Exclude all pictures, then write out exactly the lines below from the first one through the line with "Pattex 1472457. Tipo".

Data segment –
*** Block opens ***

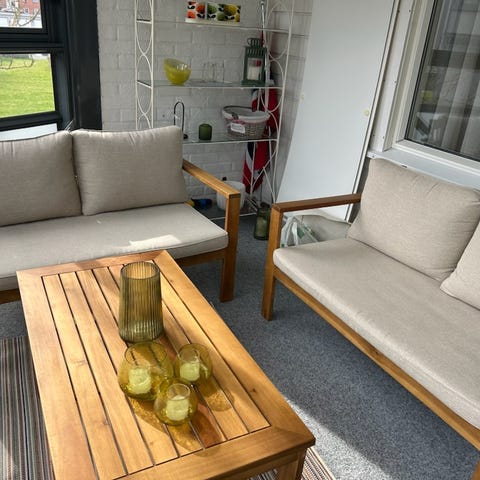 Jeg selger en sofa og et bord . En pute har skade på men puten putene er IKKE falmet i solen . Bord har bruksmerker på platen.
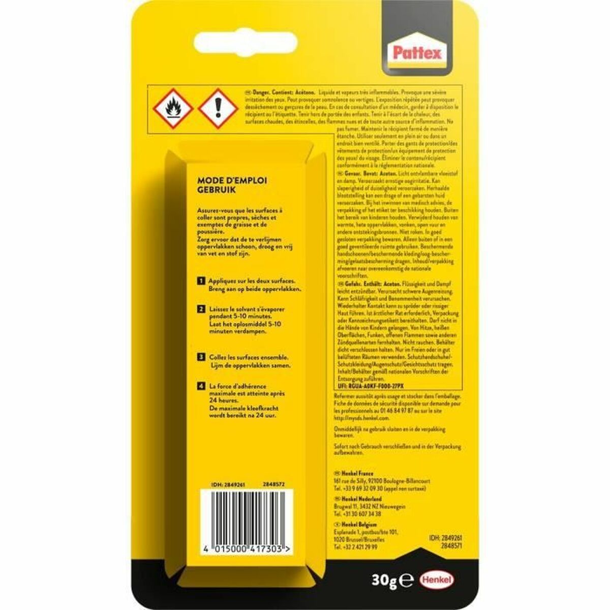 Pattex 1472457. Tipo de dispensador: Tubo, Color del producto: Negro, Amarillo. Peso del paquete: 30 g, Tipo de embalaje: Blister. Cantidad por paquete: 1 pieza(s)
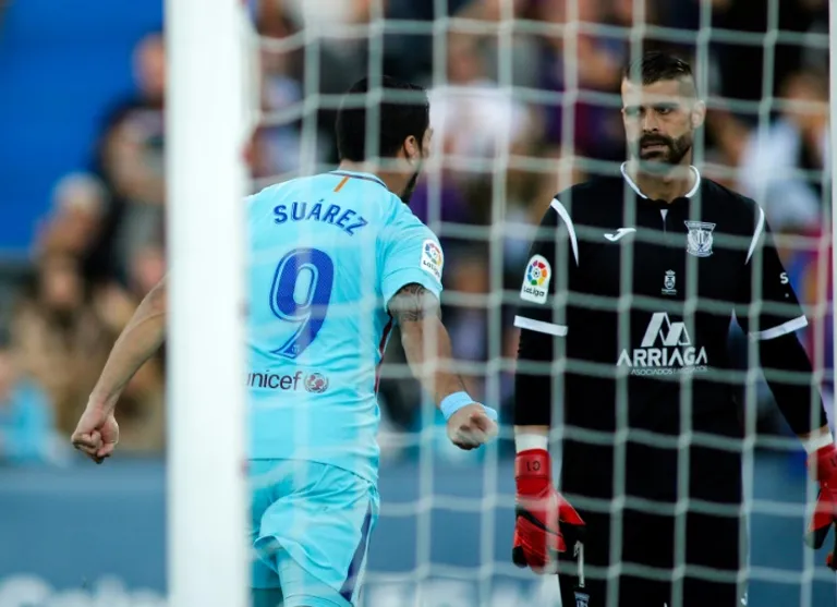Suarez was booked for impeding Leganes goalkeeper Ivan Cuellar clearing the ball early in the second half, but he got his revenge by celebrating in front of Cuellar after netting his second goal of the game as the Uruguayan ended a five-game goal drought.

*** Block closes ***

Exercise result –
 Jeg selger en sofa og et bord . En pute har skade på men puten putene er IKKE falmet i solen . Bord har bruksmerker på platen.
 Pattex 1472457. Tipo de dispensador: Tubo, Color del producto: Negro, Amarillo. Peso del paquete: 30 g, Tipo de embalaje: Blister. Cantidad por paquete: 1 pieza(s)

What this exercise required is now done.